How Do You Design a CE Amplifier with a Gain of 10 Using a 2N3906 Transistor?

[Sculptured]

Alright, I've been stuck on this problem for my electronics class for far too long.

" Design a CE amplifier with a gain of 10 using a 2n3906 transistor and a 20 V power supply. Calculate the required resistor and capacitor values for the circuit, assuming a minimum frequency of 10 Hz."

It turns out that there are four unknown resistors and one capacitor (if I'm thinking correctly). The voltage divider, the collector resistor, the emitter resistor, and the capacitor parallel to the emitter resistor. With such little information, at least for me, I'm completely lost on where to even begin to relate these values. Everything I've thought up so far has constantly interwoven the unknown values, given me new ones, and never enough equations to solve them all. Any help at all is appreciated in even getting started down the right path.

 

[pooface]

Well 2N3906 is a BJT PNP transistor right?

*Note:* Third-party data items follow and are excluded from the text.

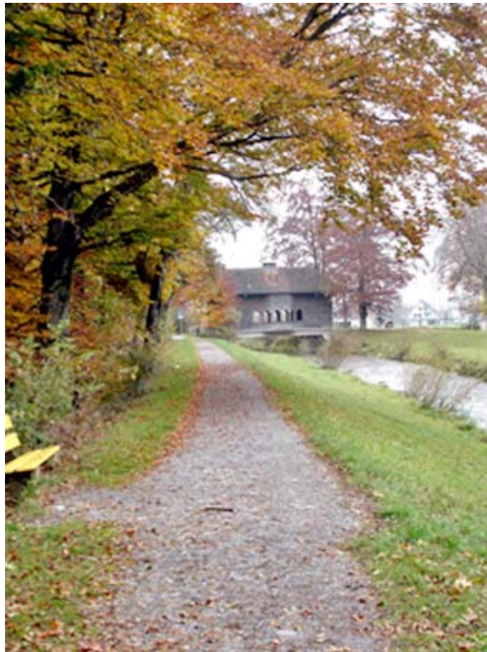
Aabachbrücke bei Schmerikon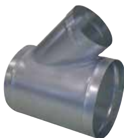
Té Oblique 45°

Le TE 45° permet de raccorder deux branches de réseau galvanisé avec un angle de 45°.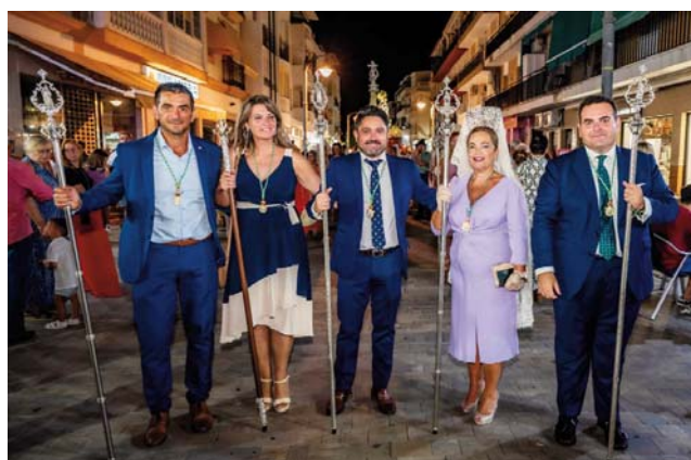
Concejales del equipo de Gobierno (Unidos por Punta Umbría) durante la procesión del 15 de agosto.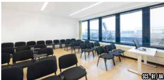
SCS - B1/8A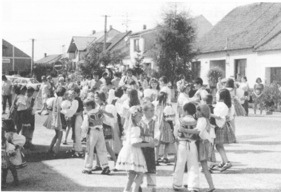
□ Mládež se baví - hody 19.8.2001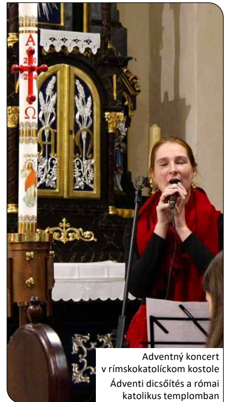
Adventný koncert v rímskokatolíckom kostole Ádventi discsótés a római katolikus templomban

Ďalšie fotky z podujatí nájdete na stranách 27. a 28.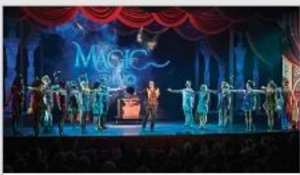
Original Musical Productions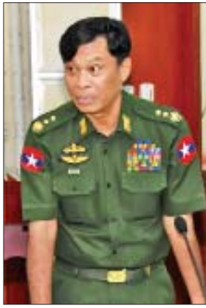
ပြည်ထောင်စုဝန်ကြီး ဒုတိယဗိုလ်ချုပ်ကြီး ကျော်ဆွေ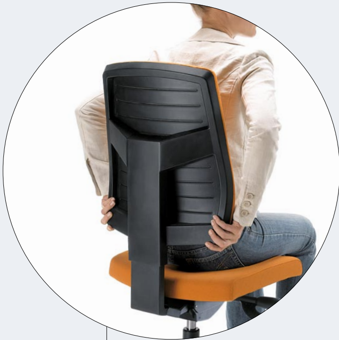
Backrest height adjustment (in swivel version) Rückenhöhenverstellung (Drehstuhl)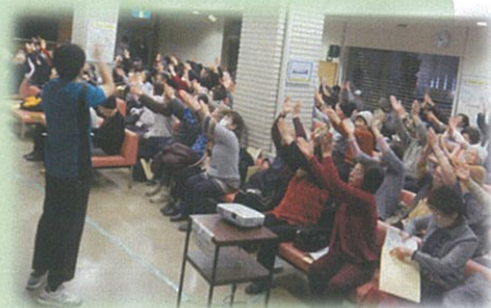
毎回好評の健康体操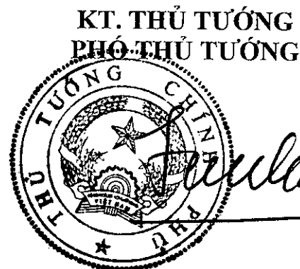
Lê Minh Khái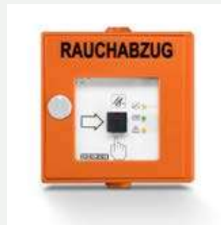
RWA-Taster FT 4 K (136232)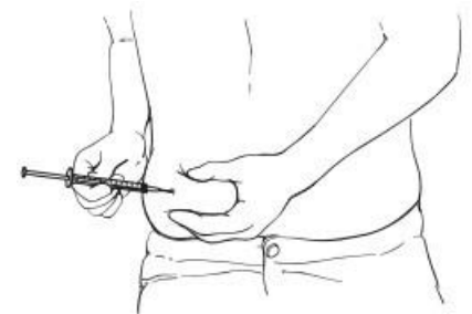
Figura 2. Darse la inyección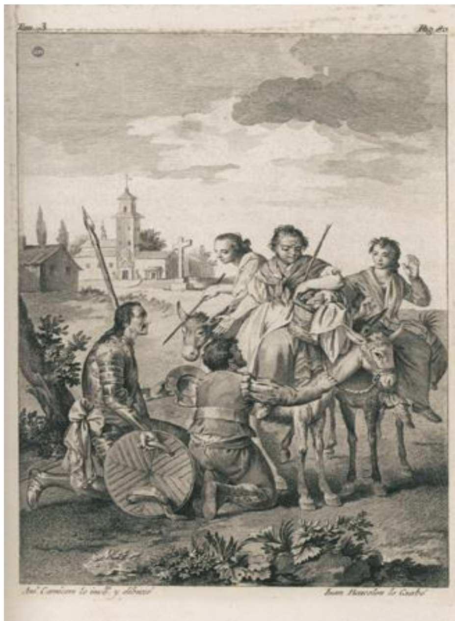
Fig. 2: Carnicero, Antonio. La Dulcinea encantada . 1780. Ed. Julio Polino Tamayo.

mientras que Sancho parece pedir la bendición de una de las labradoras. El cuerpo del caballero evoca una especie de derrota, parece caído, casi vencido por la incredulidad.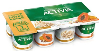
557-ACTIVIA MAMAO CER/ AVEIA LF 800G CX6 16960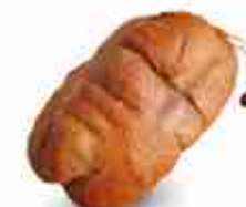
'NDUJA CALABRESE C +0/4°C, 1 Kg c.ca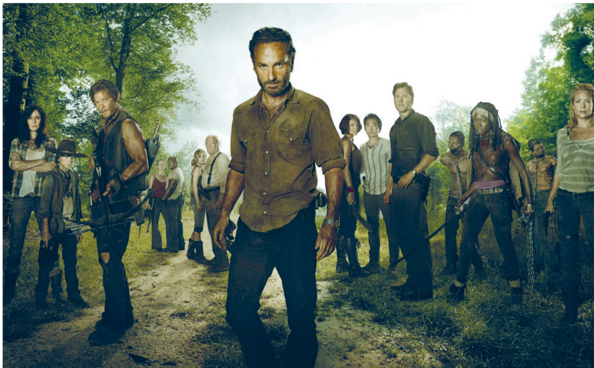
Andrew Lincoln (fremst i bildet) spiller hovedpersonen Rick i serien The Walking Dead.

Det er flere likhetstrekk enn man skulle tro mellom Hamsuns modernistiske roman, Sult , og tv-serien The Walking Dead , produsert 120 år senere.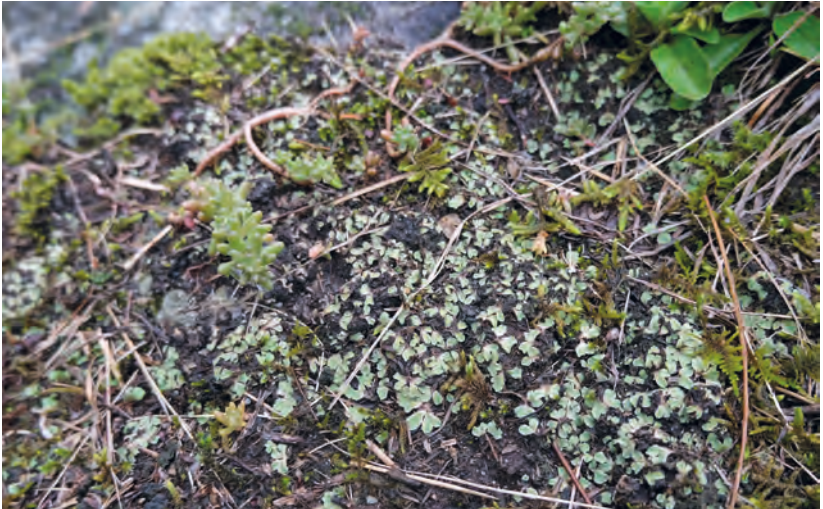
Abb. 5. Riccia ciliifera aggr. in einem lückigen Trockenrasen im südlichen Val Poschiavo.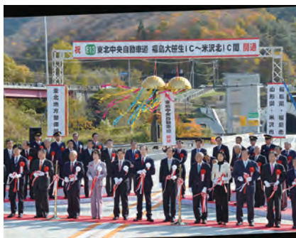
④東北中央自動車道福島大笹生IC～米沢北IC開通式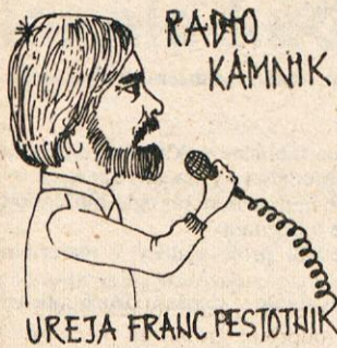
UREJA FRANC PESTOTNIK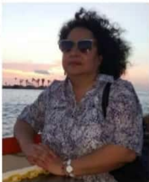
Blanca Estela Gorostieta Ortuño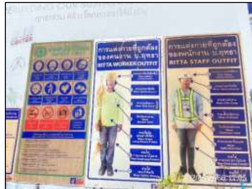
ภาพที่ 50 ป้ายเตือนพื้นที่ที่ต้องสวมอุปกรณ์ป้องกันอันตรายส่วนบุคคล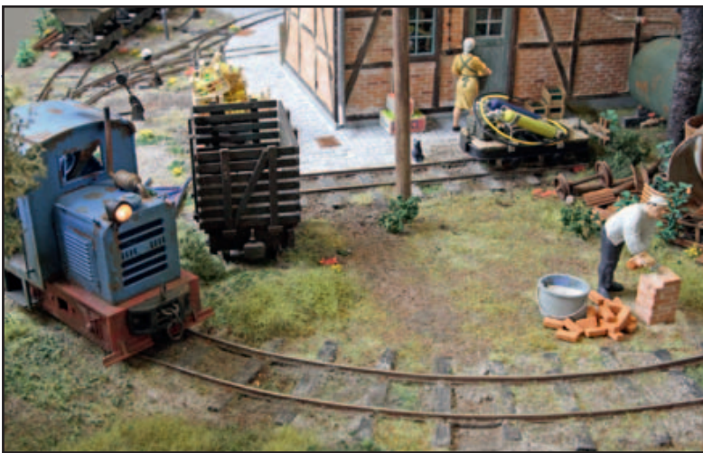
68 Kleine Innenanlage auf 1m 2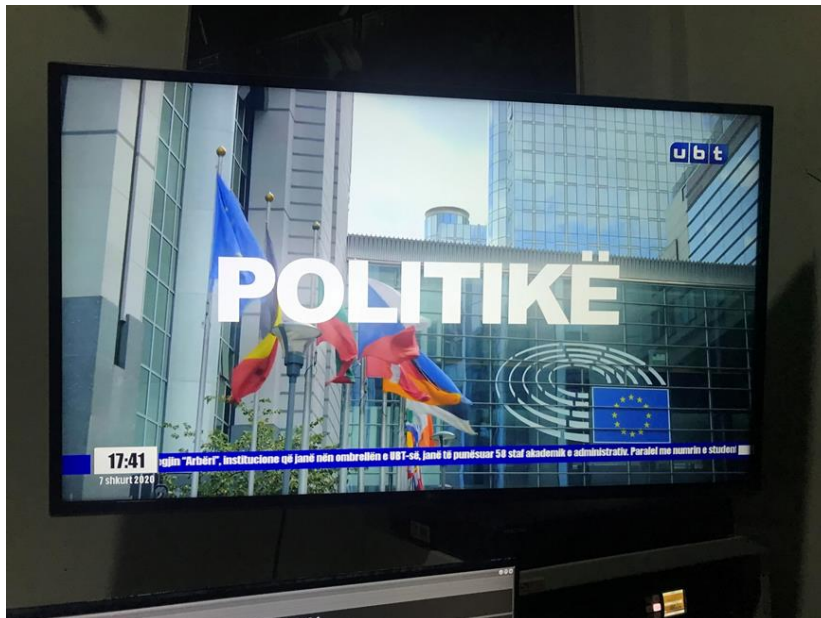
Figure 5: TV Set nga pajisjet e blera në UBT.

Disa nga pajisjet janë prezantuar nëpërmjet fotografive si mëposhtë: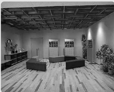
県産材をふんだんに使った学校ギャラリー・オープンスペース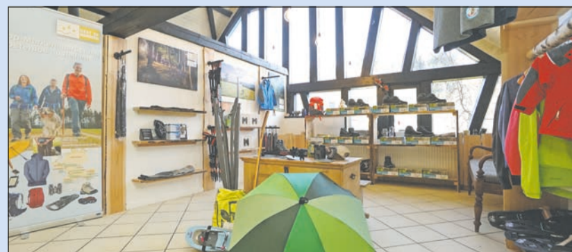
Neues Testcenter für Wanderer: Coole Ausrüstung kostenfrei ausleihen

Senden Sie uns eine E-Mail mit dem Betreff „Gewinnspiel Hunsrück Harfenmühle“ bis 27. Juli 2021 an gewinnspiel@lebenshilfe-nrw.de oder eine Karte/Brief per Post an Lebenshilfe NRW, Kennwort: „Gewinnspiel Hunsrück Harfenmühle“, Abtstraße 21, 50354 Hürth. vw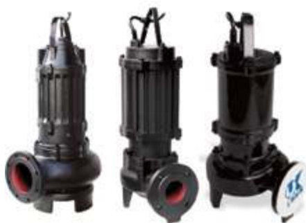
Погружные насосы небольшой производительности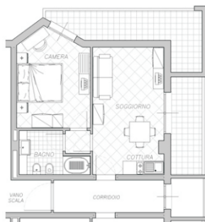
Suite STELLA MARINA 2/4 posti - 39 m 2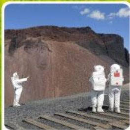
ภูเขาไฟอูลันฮาตา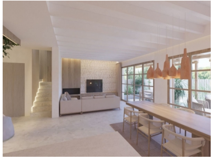
Offener Wohn- und Essbereich mit Küche

So gather your BJT PNP transistor formulas and work backwards from the gain of 10.
This looks sounds like a voltage divider bias with a full emitter bypass.

I don't remember the formulas by heart but make a list and I'll see what I can add to it from my notes.

 

[CEL]

The collector resistor is related to the gain. The emitter resistor is calculated in order that the voltage drop across it is much greater than the base-emitter voltage. With a 20 V power supply you can make the voltage drop around 5 V.
Calculate the base current from the collector current and the transistor's parameters. Calculate the base voltage from the emitter voltage and the base-emitter voltage.
The voltage divider must provide the base voltage. In order for the base current not to be significant, make the current through the divider 10 to 20 times greater.